Altro capitolo in questa vicenda finito nel mirino della Corte dei Conti riguarda l'allegra gestione dei prestiti ai dipendenti. Intanto tra i dirigenti che si occupavano di autorizzare le pratiche c'era anche un'ex giardiniere comunale, privo di esperienze e competenze finanziarie. In questo marasma non deve sorprendere se siano stati autorizzati mutui a comunali senza alcuna garanzia, morosi o protestati. Di più, sono stati scoperti bonifici ad alcuni addetti senza neppure la necessaria autorizzazione. Inutile dire che molti impieghi non sono stati mai restituiti, qualcuno ha fatto pure perdere le proprie tracce. E parliamo anche di cifre altissime: 50, 70mila o 100mila erogati con leggerezza. Per esempio a una dipendente che non sapeva altrimenti come pagare la vacanza studi al figlio, che voleva formarsi in Australia, o alla netturbina dell'Ama che aveva già acceso un mutuo e se ne è visto autorizzare un altro con una motivazione surreale: merita i soldi perché «l'ex coniuge è detenuto».

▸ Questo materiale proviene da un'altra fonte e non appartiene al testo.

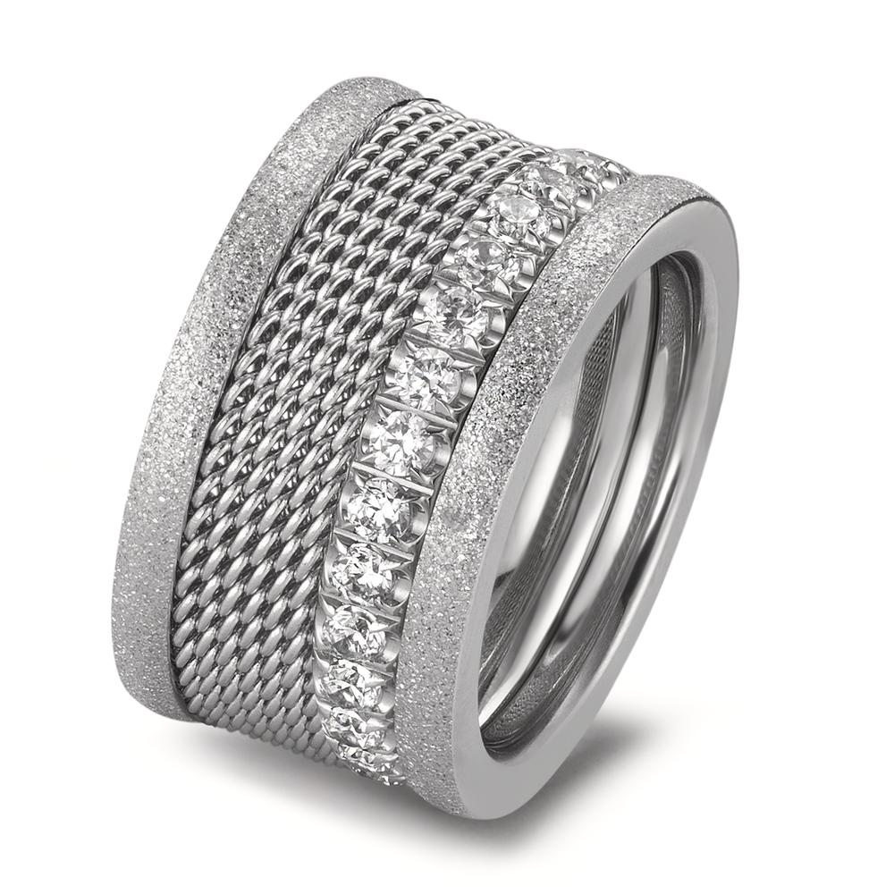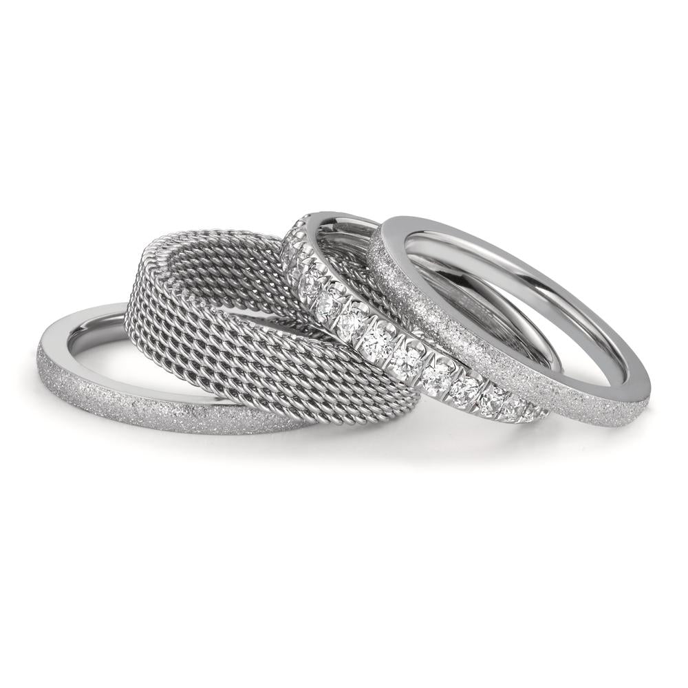 Elegant dames ringesæt med skinnende zirkonia sten. Det unikke design kombinerer glat og struktureret finish for et moderne og stilfuldt look. Perfekt til både hverdag og fest, tilføjer dette sæt et sofistikeret touch til ethvert outfit. Fremstillet i kvalitetsmaterialer med lang holdbarhed.

Come si è detto, l'Ipa era un bancomat a favore di dirigenti e dipendenti capitolini. E come ogni banca che si rispetti, al suo interno c'è pure chi si è dato alla finanza speculativa, comprando titoli e bond con un alto rischio e scarsissime possibilità di ritorno dell'investimento, invece dei classici titoli di Stato poco remunerativi ma sicuri. Soltanto nel 2017 si sono scoperte perdite per quasi mezzo milione di euro. E in fondo non poteva andare diversamente: tra i manager che decidevano le strategie d'investimento c'era anche un ex dipendente dell'ufficio scuola, laureato in sociologia. Che però amava leggere di finanza.